Health Insurance Plan Settings

Health Insurance Plan Settings

1) Maximum renewal age: The maximum renewal age is the age to which a person can receive insurance cover. This parameter is the most important factor as the need for health insurance with age is felt. Therefore, you must search for the plan that offers the longest contract extension.

2) Lower limits: Lower limits are limit values ??that apply to the different service areas. There is a maximum limit that the insurer must pay for certain expenses during treatment. For example, some insurance companies have set a ceiling on the rent that they would repay. If, in such a case, the costs incurred exceed the limit set by the insurer, the remaining amount must be paid by you. There would be other lower limits on how to consult the doctor,

3) Maximum insurance cover: This is the maximum amount for which a person may qualify for insurance cover. Each insurance company has its own insurance for the sum insured. The choice of coverage depends on our needs and solvency. The sum insured varies between 2 and 50 lakhs, depending on the insurer.

4) Costs before and after hospitalization: This includes the cost of medical tests, medications, tests, etc. incurred during the pre-and post-hospitalization period. According to the insurer, the insurance period can be 30 days before the hospital stay and a maximum of 180 days after the hospital stay.

5) Preconditions: Some insurances cover pre-existing illnesses after a defined waiting period for continuous renewal. For example, a policyholder with diabetes would be insured according to his or her age and their plan selected after a waiting period of 3 or 4 years. We have to choose the insurance plan that has the least waiting time.

6) Day Treatments: Some illnesses or treatments are covered even if a 24-hour treatment in the hospital is not required. This is usually a mandatory clause.

7) Ambulance costs: If the policyholder has to be hospitalized, the insurance companies reimburse the costs of transporting the ambulances. Every company has a fixed amount as an ambulance fee.

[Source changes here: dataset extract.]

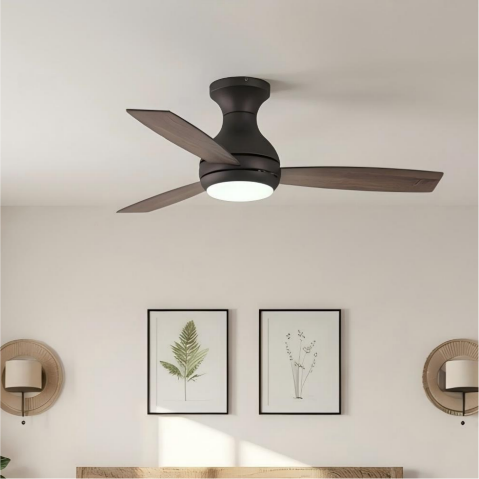 This sleek, contemporary ceiling fan features an LED light and an oil-rubbed bronze finish, offering a stylish, streamlined design that complements any modern home. The compact structure is perfect for rooms with low ceilings, measuring 48" x 48" x 14". Its low-profile housing mounts flush to the ceiling, making it an ideal choice for living rooms, bedrooms, or children's rooms.

8) Medical Testing: Companies have a list of pre-defined medical tests that a person must complete if they are over 45 years of age or the amount requested exceeds a certain amount. The obligation to examine is different. In addition, these tests are fully supported by the insurer.

9) Non-recoverable premium: If the policyholder did not claim the "cover bonus" in the past year, either by reducing the premiums or by increasing the sum insured.

10) Tax benefit: The amount paid as a bonus entitles you to an income tax deduction in accordance with § 80 (C).

11) Non-allopathic treatments: Some insurance companies cover Ayurveda, Unnani and homeopathic treatments.

12) Cosmetic and other operations: In most cases, insurers do not cover cosmetic surgeries, dental implants, weight loss or surgery.

13) Network Hospitals: These are hospitals that are affiliated with insurance companies to offer cashless treatment. On the basis of the health card provided by the TPA (third party administrator) you have the right to receive a treatment without payment.

14) Treatment at home: In many cases, the patient must be treated at home and not admitted to hospital. In such cases, many insurance companies pay back the processing fees.

15) Additional payment: this means that the costs are shared between the policyholder and the insurance company. If a particular company defines the co-payment option as 10% of all claims submitted, you will have to pay 10% of the cost and the insurer will pay 90%.

16) Debt relief: additional fees will be charged for any additional premium that follows a year in which a claim has been made. These fees depend on the requested coverage. The premium fee can be very high in some cases. Always check the additional premium fees of the companies.